But RPS alone can be misleading if request cost varies.

For heterogeneous APIs, consider weighted request cost.


10. Scaling Workers with Queue Depth

For queue workers, scaling is usually based on backlog.

Simplified model:

required workers = ceil(queue_depth / target_messages_per_worker)

Better model:

required workers = arrival_rate / processing_rate_per_worker

With drain-time SLO:

required workers = ceil(queue_depth / desired_drain_time / processing_rate_per_worker)

Example:

queue depth: 12,000 messages
desired drain time: 10 minutes
worker processing rate: 10 messages/sec

required workers = ceil(12000 / 600 / 10) = 2

But if messages are heterogeneous, use percentiles and partitions.

Queue scaling must consider:

  • message ordering,
  • partition count,
  • max consumers per partition,
  • duplicate delivery,
  • idempotency,
  • dead-letter queues,
  • retry storms,
  • downstream rate limits,
  • poison messages.

11. HPA Behavior Configuration

Autoscaling/v2 supports behavior controls.

Example:

apiVersion: autoscaling/v2
kind: HorizontalPodAutoscaler
metadata:
  name: api
spec:
  scaleTargetRef:
    apiVersion: apps/v1
    kind: Deployment
    name: api
  minReplicas: 3
  maxReplicas: 50
  metrics:
    - type: Resource
      resource:
        name: cpu
        target:
          type: Utilization
          averageUtilization: 60
  behavior:
    scaleUp:
      stabilizationWindowSeconds: 60
      policies:
        - type: Percent
          value: 100
          periodSeconds: 60
        - type: Pods
          value: 10
          periodSeconds: 60
      selectPolicy: Max
    scaleDown:
      stabilizationWindowSeconds: 300
      policies:
        - type: Percent
          value: 25
          periodSeconds: 60
      selectPolicy: Min

Intent:

  • scale up aggressively enough to protect SLO,
  • scale down slowly enough to avoid oscillation,
  • limit destructive changes,
  • maintain cost control.

Scale-up and scale-down should not be symmetric.

Reliability usually values fast scale-up and conservative scale-down.


12. Scaling Lag

Autoscaling is delayed by multiple steps.

Total scaling lag can include:

  • scrape interval,
  • HPA sync interval,
  • scheduler latency,
  • image pull time,
  • node provisioning time,
  • application startup,
  • cache warmup,
  • readiness delay,
  • load balancer propagation,
  • connection pool warmup.

If load spikes faster than capacity becomes ready, autoscaling will be late.
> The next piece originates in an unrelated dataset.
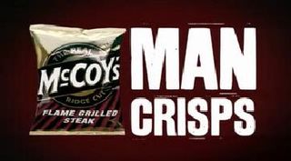 What on earth is that supposed to mean? Real men get twice the flavour? Are they seriously saying that in their factory in Ashby-de-la-Zouch there is a room of ‘once-flavoured’ crisps waiting to be flavoured a second time? If they’re going to lengths like that, the people at McCoy’s should put down the dumbbells and go for ‘Thrice Flavoured’. Why don’t they just say, for example, ‘twice the flavour’? No, because it is not as manly – it is, like the cog, a warning: Women of the World watch out – the amount of flavour in this ‘Ultimate Taste Experience’ will blow your minds…

This is why min replicas matter.


13. Min Replicas Are Reliability Budget

minReplicas is not waste by default.

It is pre-warmed capacity.

Example:

minReplicas: 6
maxReplicas: 60

Reasons to keep non-trivial minimum replicas:

  • absorb sudden spikes,
  • tolerate one node/zone failure,
  • maintain connection pool capacity,
  • keep caches warm,
  • avoid cold-start latency,
  • survive rolling update surge constraints,
  • maintain HA under PodDisruptionBudget.

Scaling to zero is useful for some workloads, but dangerous for latency-sensitive services.


14. Max Replicas Are Blast-Radius Control

maxReplicas prevents runaway scale.

Example:

maxReplicas: 100

Without upper bounds, failure can amplify:

This is a common cascading failure pattern.

Autoscaling must respect downstream limits.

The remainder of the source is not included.